Car fires can become house, brush firesPosted: Updated:
PHOENIX -- Two brush fires and a house fire in the last two weeks all reportedly started as vehicle fires.
Al Gutierrez with Inman and Sons Auto & Truck Center says it doesn't take much for a car to spark a fire.
"Once it gets near your exhaust is where a dry leaf will actually ignite," he said.
Officials say flames from RV fires spread to brush near Sunset Point on May 20 and Bush Highway on Tuesday. A Phoenix house caught fire Tuesday after a car ignited in the garage.
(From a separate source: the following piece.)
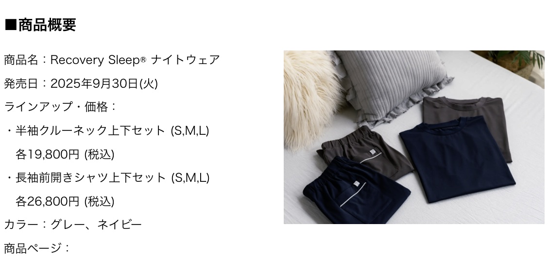 繊維専門商社モリリン株式会社(本社:東京都中央区、代表取締役社長:森 俊輔、以下モリリン)は、同社が展開する「Recovery Sleep®(リカバリースリープ)」ブランドより、一般医療機器の新商品、「Recovery Sleep® ナイトウェア」を2025年9月30日(火)に発売いたします。

"If the ambient temperature is 108, 110, or on the road right now it's 118 degrees, it's harder for that vehicle to cool down versus driving in 60- or 70-degree weather. Everybody's vehicle is working harder right now," Phoenix Fire Capt. Tony Mure said.
Firefighters say with the temperatures cranking up outside, it's important to maintain your car properly. That includes checking your brakes and making sure cooling agents are working, especially before you load the car for a road trip with the family.
"The catalytic converter and the muffler normally run at 200 to 300 degrees, but if there's a failure in that, it can become hotter and so that's how we get fires on the side of the road," Mure said.
In some instances, like the Phoenix garage fire, the car doesn't even need to be in motion to go up in flames.
Mechanics say that when it's this hot, you need to give your car a little preventative tender loving care.
"Everything's hot on the automobile. The engine's running at a very high temperature. The battery's hot, the metal's all hot. When you're driving and you're stopped at an intersection, it's extremely hot for the car," Gutierrez said.